◆ GIVEN MATERIAL
'''

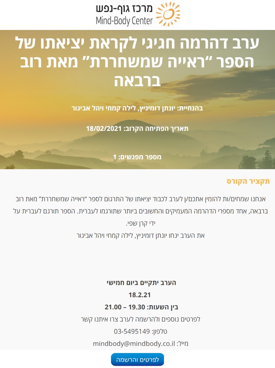 ערב דהרמה חגיגי לקראת יציאתו של הספר “ראייה שמשחררת”
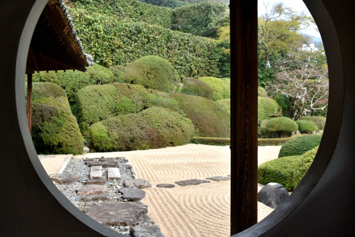 幾何学的なデザインが美しい枯山水庭園を、丸窓や縁側から時間を忘れて眺めましょう。大きく刈り込んで大波を表現したサツキ。羽のしなやかさを感じる鶴島。独特でありながらエレガントな魅力があふれるお庭につい引き込まれてしまいます。名古屋城や大阪城の天守閣の建築にも携わった、日本のレオナルドダヴィンチとも称される小堀遠州の傑作です。
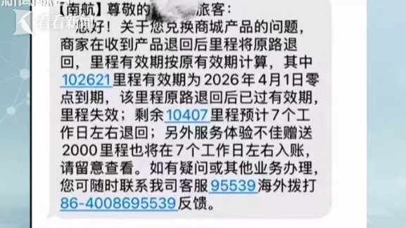 在退货过程中,由于前期沟通反复、处理周期延长,当事人的账户内部分里程于4月1日到期。4月3日,她收到南航方面通知,称退回里程已过期作废。

'''

◆ ACTIVITY
Without including any picture, reproduce the material above word for word.

◆ PROBLEM SOLUTION
 ערב דהרמה חגיגי לקראת יציאתו של הספר “ראייה שמשחררת”
 幾何学的なデザインが美しい枯山水庭園を、丸窓や縁側から時間を忘れて眺めましょう。大きく刈り込んで大波を表現したサツキ。羽のしなやかさを感じる鶴島。独特でありながらエレガントな魅力があふれるお庭につい引き込まれてしまいます。名古屋城や大阪城の天守閣の建築にも携わった、日本のレオナルドダヴィンチとも称される小堀遠州の傑作です。
 在退货过程中,由于前期沟通反复、处理周期延长,当事人的账户内部分里程于4月1日到期。4月3日,她收到南航方面通知,称退回里程已过期作废。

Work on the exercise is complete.